I couldn't find any information in the documentation of rapidminer. I have a data set with the following attributes:
a,b,c,d,e
.
The types are: numerical
, binomial
, binomial
, binomial
, binomial
.
Binomial values are given as {true, false}
.
The last one is the label I want to be able to predict. So the value to predict is a true/false decision. I understand that I have to use logistic regression for that.
My module chain looks like this.
Read CSV -> Set Role -> Nominal To Binary -> Classification by Regression
Set Role
: I can only set one attribute as the predictor attribute. How can I set all other input attributes as predictor attribute too?
Nominal to Binary
: The binomial values are given as Strings "true" and "false". That's why I do the conversion here.

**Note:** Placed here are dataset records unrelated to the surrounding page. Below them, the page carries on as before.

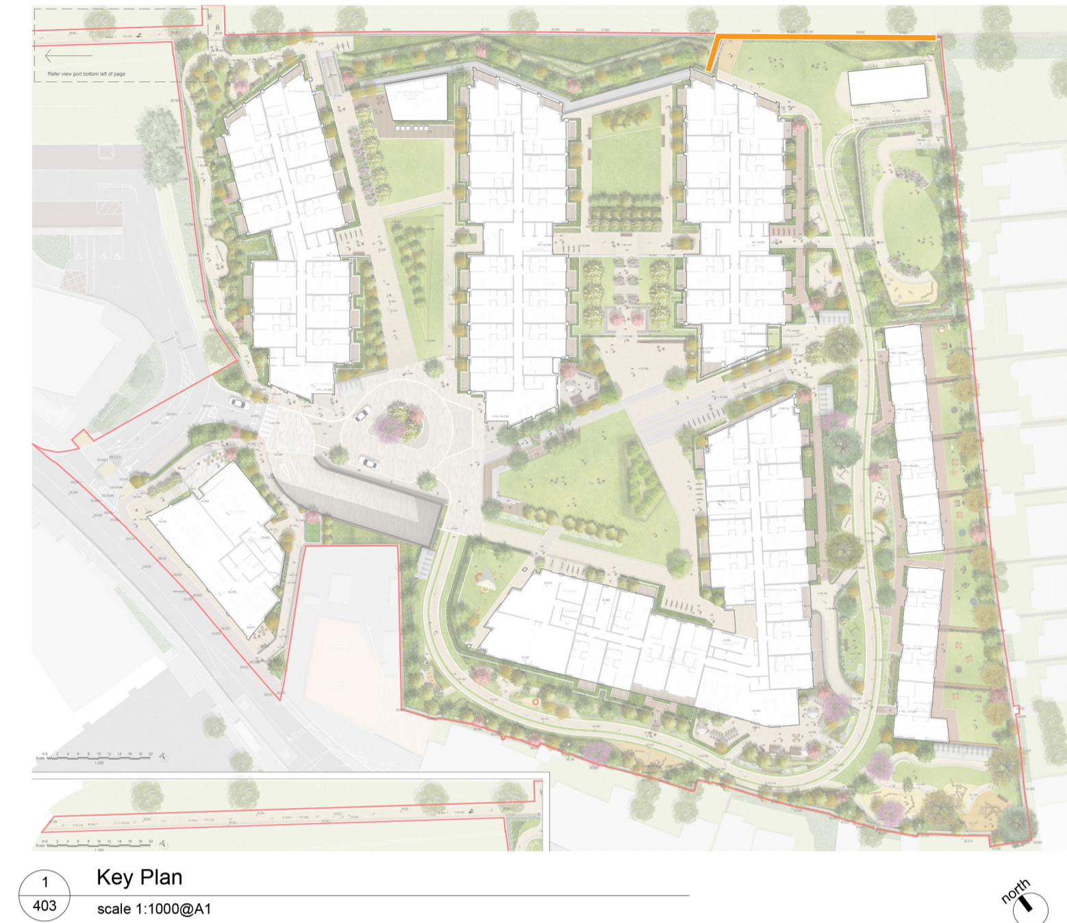
1 Key Plan 403 scale 1:1000@A1

DISCLAIMER 1. This drawing is the property of Cameo & Partners Ltd. 2. It must not be copied or reproduced without written consent. 3. No dimensions to be scaled from this drawing. 4. All dimensions to be checked on site. 5. This drawing is to be read in conjunction with relevant consultants drawings.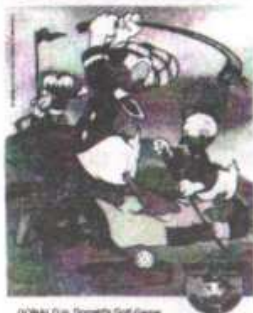
DONALD in Donald's Golf Game

India Issue (Nov. 18, 1991) ..... $ 0.75 Folder with stamp ..... $ 1.50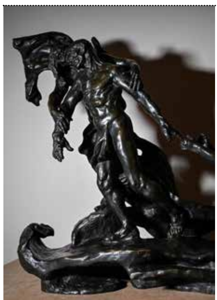
A version of French sculptor Camille Claudé's famous bronze sculpture "L'Age mur" ("The Mature Age") found by chance in an uninhabited flat, in Paris.

A bronze sculpture by French sculptor Camille Claudé thought to evoke her separation with fellow artist and lover Auguste Rodin was auctioned off in France Sunday for more than $3 million. Claudé, whose life and tortured love affair with Rodin has inspired several films, destroyed much of her work before her brother confined her to a psychiatric hospital in 1913. The artist sculpted "The Mature Age" after she broke off with Rodin, who was two decades older, seeking to create a name for herself in her own right after years as his assistant.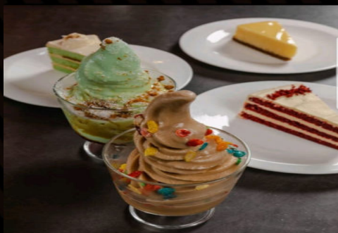
SALTED CARAMEL SOFT SERVE $6 ONDEH ONDEH SOFT SERVE $6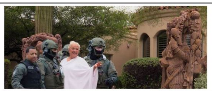
Above: Patton West's use of occult (hidden) knowledge has facilitated 30 years of theft, fraud, extortion and several suspected murders. The 'weapon' she uses to dispatch those who go public or oppose her is not regarded as a weapon under legal statute. Therefore the murders, which appear as deaths resulting from 'natural causes,' are not investigated.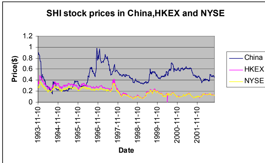
Sinopec Shanghai Petrochemical Co.Ltd stock prices in China, Hong Kong, and New York

It means the time series of share prices could not be expected to have a constant mean and variance over time, in other words they have unit root and are nonstationary. The exception: JCC, SHI, YZC on China market, ZNH on HKEX, ACH and CEA on HKEX and NYSE are stationary at 5% significance level during the tested period, but all 14 stocks are nonstationary at 1% significance level during the tested period. One reasonable explanation for their stationary is their thinly trading volumes and low stock prices.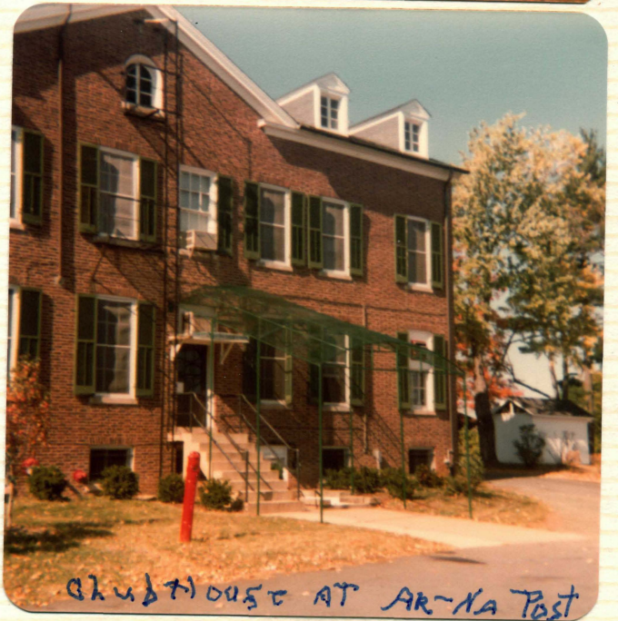
Clubhouse at Ar-Na Post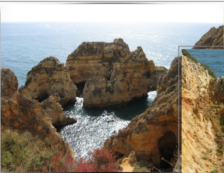
Lagos Rocks Portugal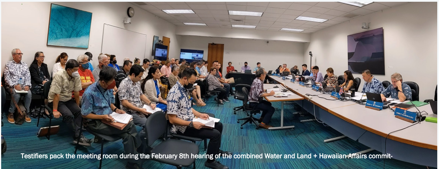
Testifiers pack the meeting room during the February 8th hearing of the combined Water and Land + Hawaiian Affairs committee.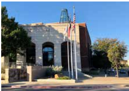
Arlington Convention Center

An exciting and inspirational aspect of every convention is the Unifying Project. Members at the 2019 TSO Convention are asked to donate items to CASA of Tarrant County and to the immediate surrounding counties that support Area 10. CASA, Court Appointed Special Advocates, is an organization that advocates for neglected and abused children and also provides a voice for them so they might have a brighter future.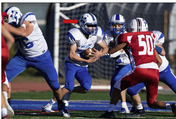
Fig. 3. Patient playing competitive football 3.5 years after traumatic injury with symptoms consistent with SCIWORA. Note: the patient's family consented to all images included in this case report.

Other investigators have also proposed that SMT activates joint mechanoreceptors, spinal ligaments, intervertebral discs, cutaneous receptors, golgi tendon organs, and muscles spindles, which collectively work to inhibit alpha motor neuron excitability so as to correct muscle hypertonicity (Colloca et al., 2004; Pickar and Kang, 2006; Symons et al., 2000). A number of studies have specifically measured decreased paraspinal activity post SMT during movement (Bicalho et al., 2010; Tunnell, 2009) and at rest (DeVocht et al., 2005; Lehman et al., 2001; Orakifar et al., 2012). Dunning and Rushton further reported a significant decrease in the tone of the bilateral biceps brachii, a muscle segmentally and neuroanatomically associated with, but not attached to the spine, following a single manipulation targeting the right C5–C6 compared to control (Dunning and Rushton, 2009).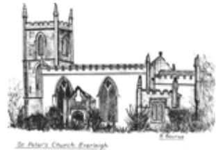
St. Peter's Church, Everleigh

The snowdrops and early daffodils are pushing their way up already – always such a welcome sight so early in the New Year. I always feel in need of something pretty to look at especially once all the Christmas decorations have been taken down and packed away.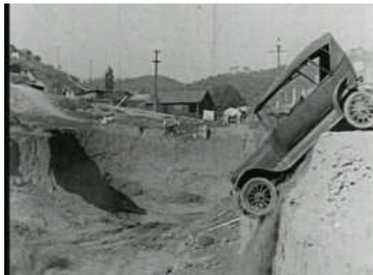
Fig. 7: Deep accident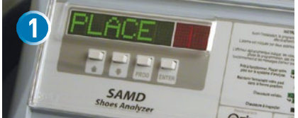
SAMD CONTROL UNIT SHOWS THE PLACE FOOT MESSAGE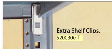
Extra Shelf Clips, 5200300-T

20-gauge box shelf with lapped and welded corners provides greater strength for maximum load capacity.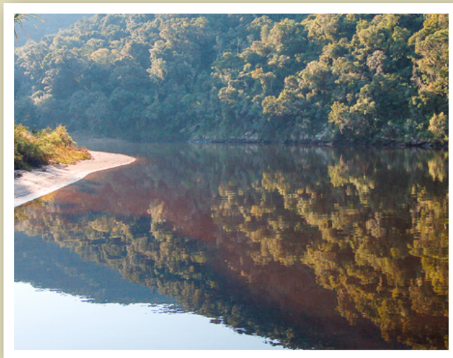
The spectacular Keurbooms River is under threat from alien vegetation and possible over-exploitation.

In recent years the flow of the Keurbooms River has been greatly reduced by invasive vegetation along its course. We are now actively supporting a major alien clearing programme, which will be managed by Eden to Addo.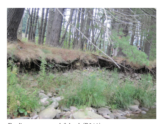
Eroding segment on left bank (B361)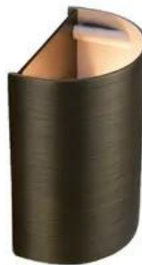
VOLT® Cast Brass Up/Down Integrated LED Deck Light (Bronze)

Very warm 2200K color temperature - designed to mimic the color of candle light and natural fire glow. Extremely compact (1.5" x 0.625") Cree® LED light constructed of solid CNC machined brass - easy to install and conceal. Fully potted and sealed, it can be surface mounted or core drilled. Simple and quick to install, the light requires no maintenance, and is completely waterproof.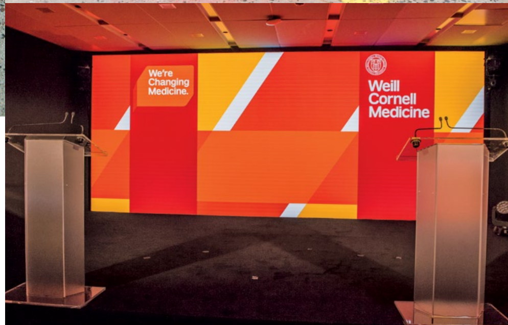
Part of The Starr Foundation-Maurice R. Greenberg Conference Center in the Belfer Research Building was transformed into a live broadcast studio for the campaign launch.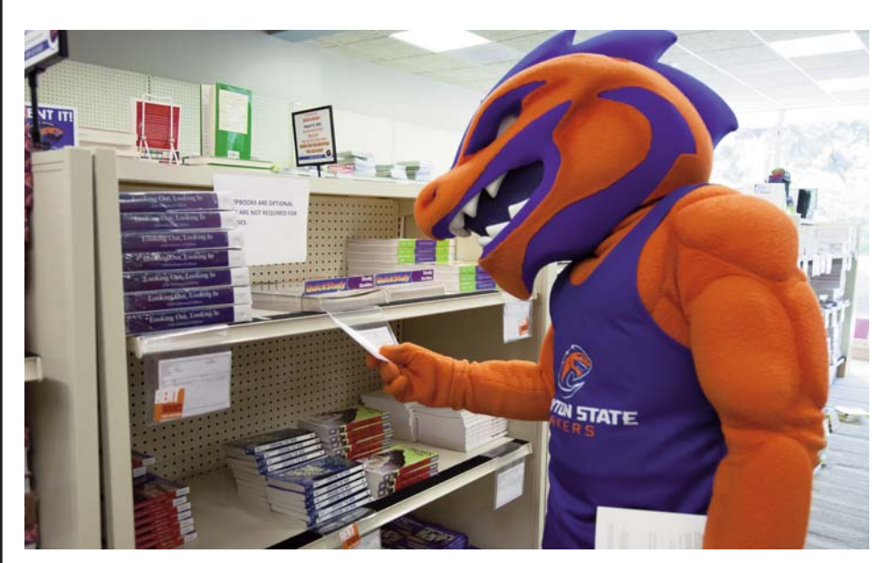
Loch shops the Loch Shop in-store and online at www.claytonstategear.com.

run monthly promotions (the current one is a gift with a $50 purchase) throughout the year as well. ■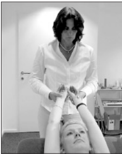
Muscle testing of arm Length using the REBA® test device

Psychosomatic Energetics™ (PSE) represents a new approach to healing and illness. According to its inventor, Dr. Reimar Banis, many chronic conditions are caused by energy blocks. Most important are inner blocks caused by hidden emotional conflicts. These conflicts block the flow of energy in the body. A blocked energy flow is often the main cause of disturbed metabolism in a segment or region of the body, which leads to many illnesses and complaints. Unlike psychotherapy, Dr. Banis claims that it's often not enough to bring these issues into consciousness, they need to be resolved in the body's subtle energy field. In many cases, psychotherapy is not necessary because the psyche's self-healing powers enable a person to harmonize and heal once the energy blocks have been treated.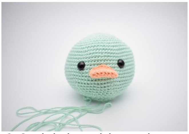
3. Sew the beak securely between the eyes and a couple of rows below.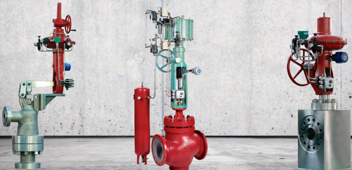
Hot High Pressure Separator Level Control valve MIL 77000, 4" x 6", 1500# ASME for Refinery complex, Uttar Pradesh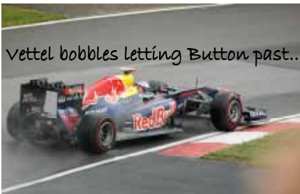
Vettel bobbles letting Button past..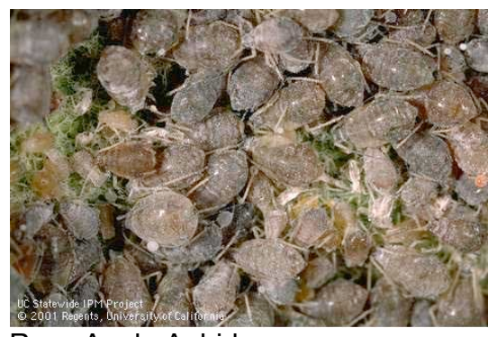
Rosy Apple Aphid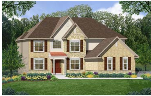
Maple - E • 3,859 sq. ft.

The output for MultiModelByRegression is:
MultiModelByRegression (prediction model for label is_helpful)
16.889 * b ^ 1.000
+ 9.553 * c ^ 2.000
+ 0.102 * a ^ 1.000
- 71.438
76.078 * b ^ 4.000
+ 38.618 * c ^ 1.000
+ 0.082 * a ^ 1.000
- 88.701
The Performance Vector Output
is:
true false true true class precision
pred. false 2706 129 95.45%
pred. true 636 40 5.92%
class recall 80.97% 23.67%
I know how to interpret the above.
All of this is done with the training set, which is already labelled with the correct classes. How do I apply the test set at this point? I suppose I need the test set to somehow evaluate the results of my classifier, right? Anyway, I am really confused here and I would appreciate any kind of help.